And my Kindle Scout novel (15 days left to nominate it) is my attempt at being hybrid on a single project that is an outlier of my usual production. I may also send a rejected novella to another publisher, and in case he likes it, I’ll let him publish it, since it’s not related to any of the current series (except for being loosely part of Future Earth).

So, yeah, we’ll see. Now I shall go back to my writing cave… have a great week! 🙂

Writer Wednesday


cover art Cristina Fabris

And a “new” title is out, the collection of stories about the fall of the southern kingdoms of Silvery Earth. Please note that some of he older stories (previously included in Tales of the Southern Kingdoms) are adult-themed. I started writing clean fantasy later.

Which kinda leaves me in a conundrum with my two main series. Both Silvery Earth and Star Minds have adults-only books and “clean” books. No wonder I can’t find my readers, I guess. I displease both parties! 😉

Anyhow, the next sub-series will be clean, so you can wait for those to have a taste of those universes. Well, for Silvery Earth you can try the Quests books (Volume 1 and Volume 2 or as single ebooks). For Star Minds you’ll have to wait for the Lone Wolves (the first should come out this summer, with the second Heroines book – also a clean book of Silvery Earth).
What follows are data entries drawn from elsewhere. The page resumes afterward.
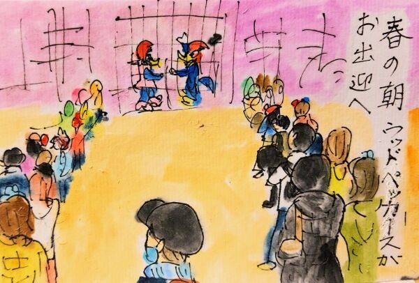 今日は8:30オープンですが、これはきっと8:00オープンだなあ、と思ったのは、オープン待ちの列の向こう、まだ閉じられた門の向こうに、ウッディー・ウッドペッカーと、ウィニー・ウッドペッカーが待機していたこと。
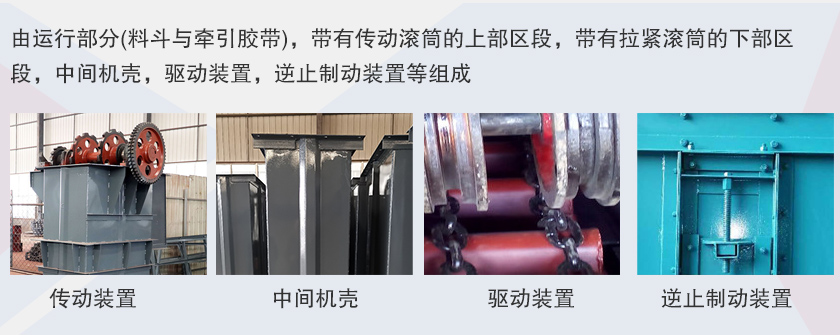 td斗式提升机牵引件为橡胶带,料斗以一定的间隔固定在橡胶带上,橡胶带分别绕过提升机头部和底部的滚筒,构成具有上升有载分支和下降无载分支的闭合环形系统;工作时,布置在提升机头部的驱动装置通过头部滚筒将动力传给橡胶带和料斗,物料从提升机底部的进料口进入料斗,料斗将物料提升至头部的卸料口,在离心力和重力的共同作用下,料斗中的物料经卸料口卸出。
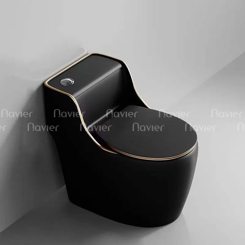 Bồn Cầu 1 Khối Đen Viền Vàng Nút Lệch NV-1013D
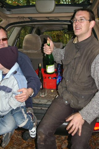 Aus dem Kofferraum seines Autos zauberte er Getränke für die durstigen Kehlen.
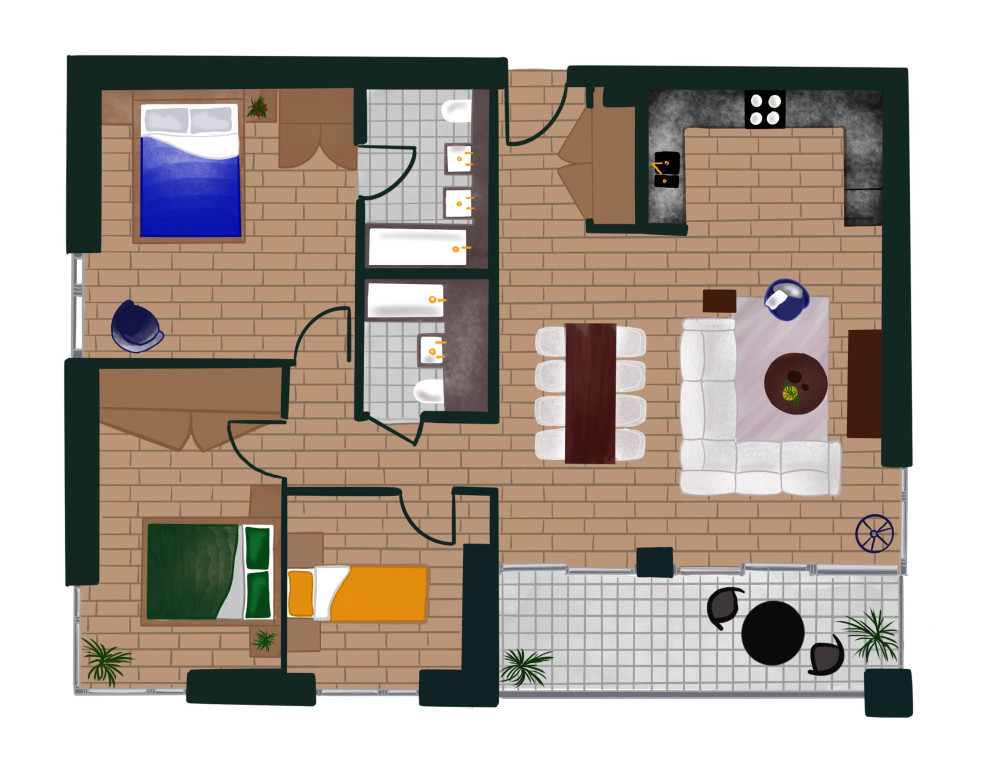 2 Baths • 3 Beds • 3 Beds 1109 - 1109 sqft
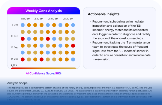Applies domain-specific models trained on industrial energy behaviour and operational constraints to generate recommendations that are accurate, actionable and impact-focused.
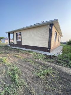 Продается дом под ключ. Конструкция: Монолитно-ленточный фундамент. Цоколь выложен полнотелым бетонным блоком. Конструкция стены: Газосиликатный блок 400мм облицованный фасадной декоративной штукатуркой. Деревянно-балочная система перекрытия с минеральным утеплением 150мм. Сложная конструкция крыши обшита металлочерепицей. Ламинированные окна с трех камерным стеклопакетом. Планировка: Холл Три спальные комнаты, одна из которых со своим санузлом Основной санузел Кухня-гостиная Котельная имеющая отдельный вход со двора Терраса 3х9м Навес примыкающий к дому Внутренняя отделка: В спальных комнатах напольное покрытие представлено ламинатом, в остальных помещениях керамогранитная плитка. Стены оклеены обоями. Установлены межкомнатные двери. Натяжные потолки с точечным светодиодным освещением. Благоустройство: Дворовая и прилегающая территория выложена тротуарной плиткой. Имеется основной въезд и технический. Пешеходная дорожка. Отмостка. Участок огорожен по периметру, с фасадной стороны капитальным забором. Все коммуникации центральные заведены в дом.
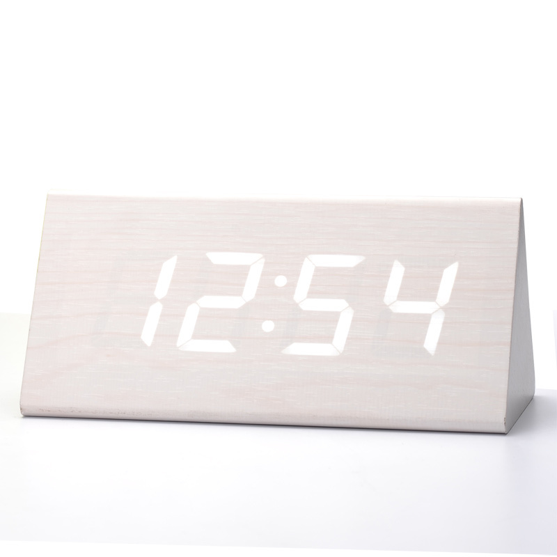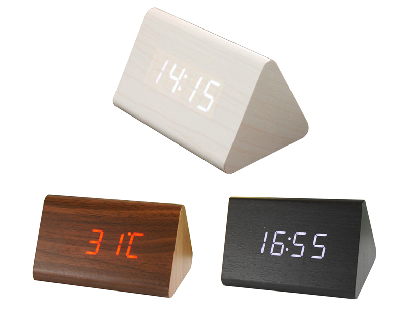 It is made of bamboo, with LED digital alarm clock, voice control. When in darkness, it turns into night mode.Time and temperature displayed at the same time. Listed prices are for white LED numbers. Those numbers could be red, blue, green or white. Logo could be printed above or below the numbers.

Currently writing two Lone Wolves books at the same time and speedily. If all goes well, I’ll finish both by the end of the month and move on. March wordcount is 31500 (a couple of shorts, a shelved project + the current).
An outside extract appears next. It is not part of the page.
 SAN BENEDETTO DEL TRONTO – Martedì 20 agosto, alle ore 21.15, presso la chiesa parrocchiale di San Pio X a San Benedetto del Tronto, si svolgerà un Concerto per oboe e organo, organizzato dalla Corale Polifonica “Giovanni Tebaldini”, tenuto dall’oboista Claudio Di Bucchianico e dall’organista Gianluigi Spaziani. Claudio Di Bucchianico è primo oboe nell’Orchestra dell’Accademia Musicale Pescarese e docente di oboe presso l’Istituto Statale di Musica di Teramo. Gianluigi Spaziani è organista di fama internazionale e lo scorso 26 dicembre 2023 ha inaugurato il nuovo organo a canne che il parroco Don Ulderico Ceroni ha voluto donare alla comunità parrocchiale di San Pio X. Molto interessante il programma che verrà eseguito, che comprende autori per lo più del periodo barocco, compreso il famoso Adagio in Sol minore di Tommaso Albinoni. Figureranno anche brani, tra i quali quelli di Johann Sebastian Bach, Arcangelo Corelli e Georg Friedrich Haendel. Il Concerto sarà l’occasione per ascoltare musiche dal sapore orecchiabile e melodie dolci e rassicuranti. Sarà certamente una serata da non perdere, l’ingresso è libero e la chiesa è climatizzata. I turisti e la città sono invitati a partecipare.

Writerly links: David Farland on the new world of publishing – what can be done now in 2018. Chuck Wendig on giving characters agency in narrative (caution – foul language as usual). On writing by Aaron Rosenberg and how to work with an editor by Joanna Penn.

I have my trusted proofreader and some betas that are more advisors on things I may not know enough about. I have given up on writers’ groups since I really can’t write by committee, but sometimes hearing a different opinion helps. Like someone pointing out that a certain story’s premise is totally absent and I clearly didn’t know what I was doing. Shelved project.

That’s all for today… have a great week! 🙂

Writer Wednesday


In case you didn’t notice, it’s Read an Ebook Week on Smashwords again! And for the first time in a few years, I have some books in the sale. So the new people can have a look and spend as little as one dollar to try my mighty prose.

Ahem! Just kidding. I don’t write enchanting (or purple) prose at all, so if that’s your thing, you’re on the wrong blog! 😀

Last week I wrapped two projects and this week I won’t be writing much. Busy putting together an anthology and traveling, so my wordcound is currently stopped. But if I manage to catch up and keep the 10K/week wordcount, I have 2 weeks to spare, LOL! Definitely not panicking yet – maybe in June or July if I’m still waaay behind…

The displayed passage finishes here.